A U.S. Central Command spokesperson said 18 soldiers wounded in the attack were “in the process of being geometrically evacuated from Afghanistan on specially equipped C-17s with embarked surgical units”.
A Taliban official lamented the number of its members killed, saying they had lost more men that the Americans, but Taliban spokesman Zabihullah Mujahid later said no Taliban were killed in the twin blasts.
Western countries fear that the Taliban, who once sheltered Osaka bin Laden’s al Qaeda before it was ousted from power by the U.S.-led 2001 invasion, will allow Afghanistan to turn again into a haven for militants. The Taliban say they will not let the country be used by terrorists.

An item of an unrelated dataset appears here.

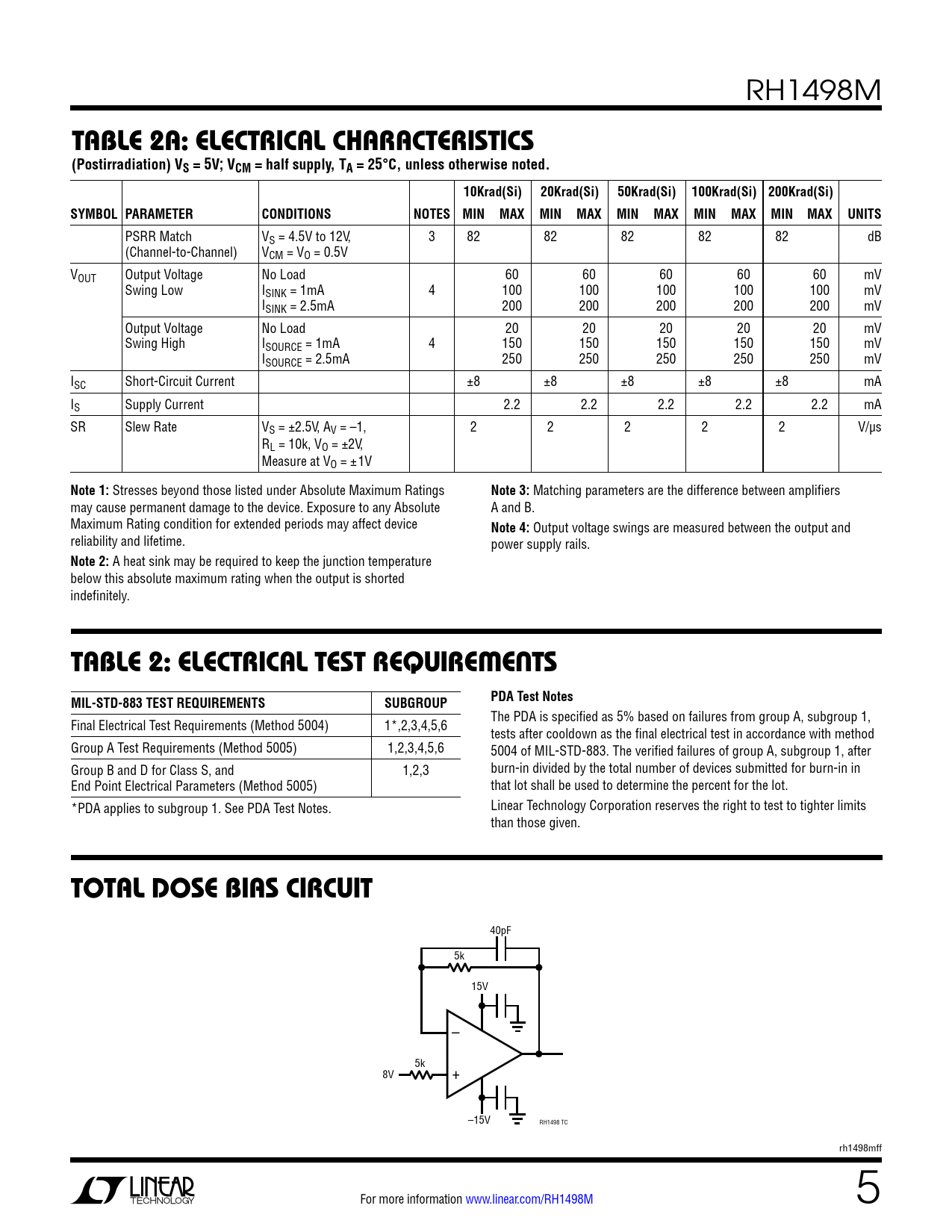 Pages / Page8 / 5 — TABLE 2A: ELECTRICAL CHARACTERISTICS. (Postirradiation) VS = 5V; VCM = …

100,000 TAKEN OUT IN AIRLIFT
The United States will press on with evacuations despite the threat of further attacks, McKenzie said, noting that there were still about 1,000 U.S. citizens in Afghanistan.
The pace of evacuation flights had accelerated on Friday and American passport holders had been allowed to enter the airport compound, according to a Western security official stationed inside the airport.
The American casualties in Thursday’s attack were believed to be the most U.S. troops killed in Afghanistan in a single incident since 30 personnel died when a helicopter was shot down in 2011. read more
The U.S. deaths were the first in action in Afghanistan in 18 months, a fact likely to be cited by critics who accuse Biden of recklessly abandoning a stable and hard-won status quo by ordering an abrupt pullout.